III

LA FAMILIA, EN MÉJICO

DON Fermín Esteban de Uranga se había casado en Méjico con la hija de un vasco que tenía una gran posesión hacia la Sierra Madre, cerca de Chilpancingo.

Don Fermín y su mujer iban a la finca con frecuencia, y allí conocieron al botánico don José Antonio de Alzate, que visitó el país con la idea de herborizar.

Don Fermín Esteban, que era joven, y tenía mujer e hija, no sentía ninguna veleidad científica por entonces; pensaba ascender en su carrera y abrigaba proyectos ambiciosos.

En esa época supo el oficial que su madre había muerto en Elguea, dejando a su hermana Cristina sola. Él, que la quería, la mandó llamar, y en compañía de una familia amiga fue la hermana a Méjico y vivió con don Fermín dos años.

Una vez que estuvo en la finca del padre de su cuñada, Cristina conoció a un joven de Irún empleado en las oficinas de las Naos de Acapulco y se casó con él.

Las Naos de Acapulco eran buques que efectuaban la travesía desde ese puerto del Pacífico a Filipinas, antes de que comenzara la navegación remontando el cabo de Buena Esperanza.

Cristina de Uranga y su marido, Ignacio Erláiz, se instalaron en Acapulco.

Acapulco tuvo una época de esplendor, ya en la segunda mitad del siglo XVIII, cuando adquirió el derecho exclusivo del comercio de España con las Indias Orientales.

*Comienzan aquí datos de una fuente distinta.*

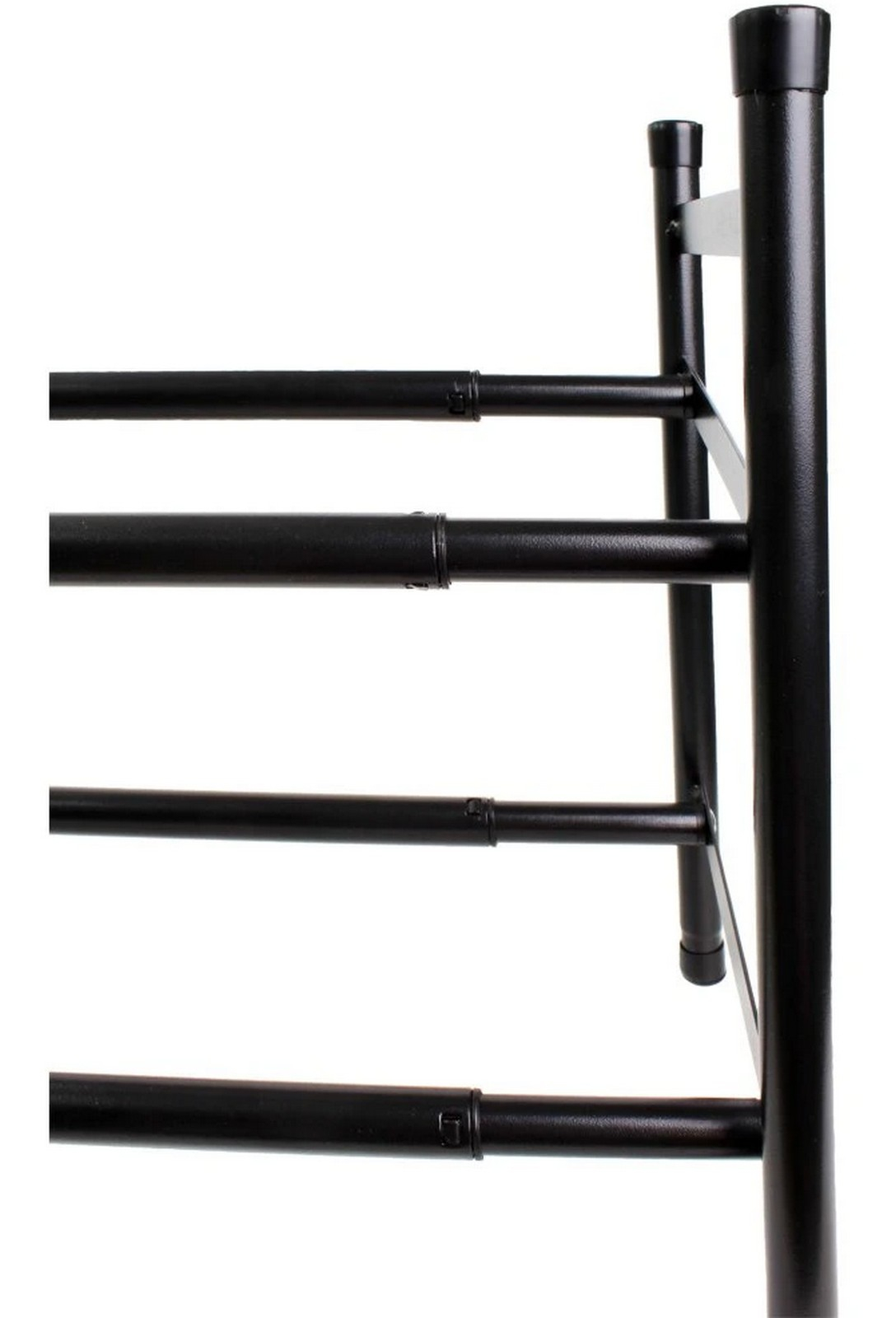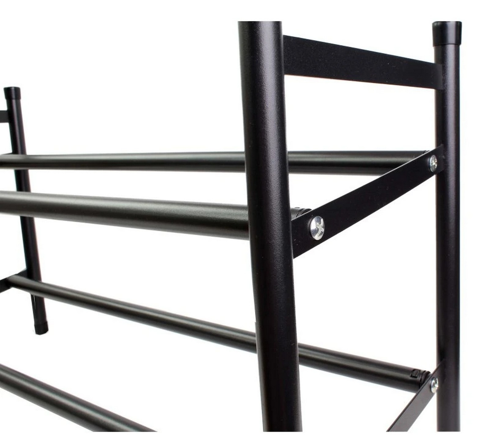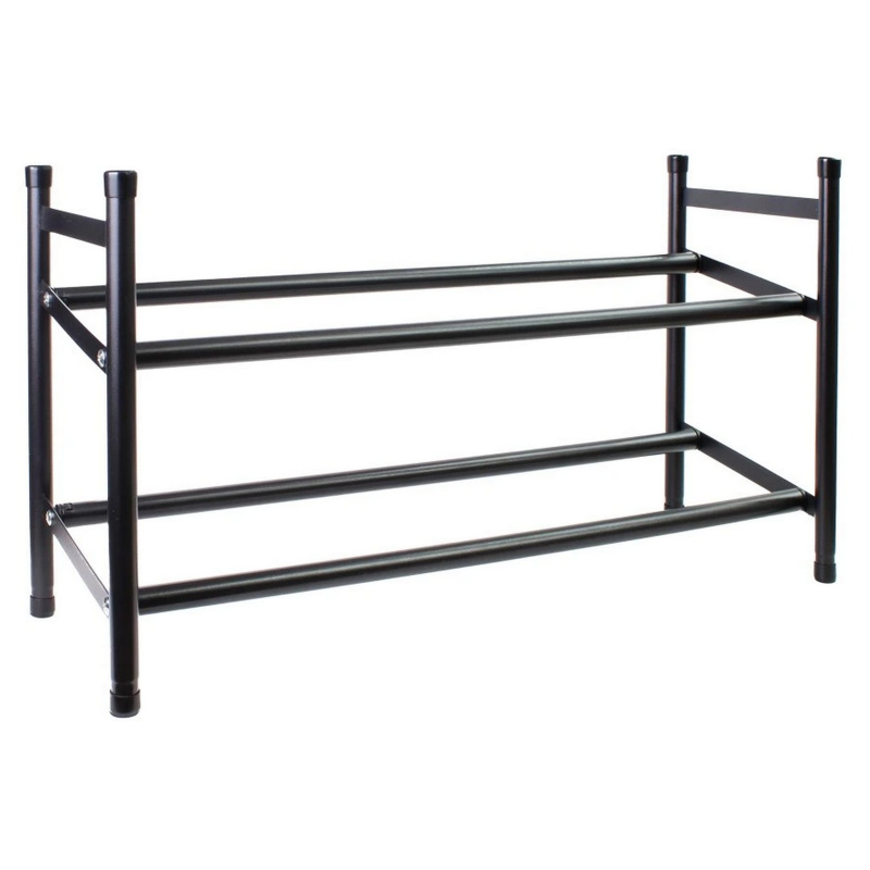 Kovový teleskopický botník až na 12 párů bot, 2 patra. Nastavení šířky 63 - 110 cm, výška 34,5 cm. Barva černá.

La cuestión de las Naos de Acapulco fue muy discutida en España desde el comienzo del siglo XVIII. Los comerciantes de Sevilla y de Cádiz aseguraban que el comercio entre Méjico y Filipinas les perjudicaba y que las fábricas de seda de la Península no enviaban géneros a América porque a Méjico llegaban telas de China. Aducían que de Acapulco marchaban más mercancías que las que se declaraban y que lo mismo ocurría en Filipinas. Por otra parte, la burocracia consideraba que el número de empleados en Acapulco era muy exiguo.

Con estas reticencias burocrático comerciales, la institución de las Naos de Acapulco fue decayendo, y con la guerra de Napoleón desapareció.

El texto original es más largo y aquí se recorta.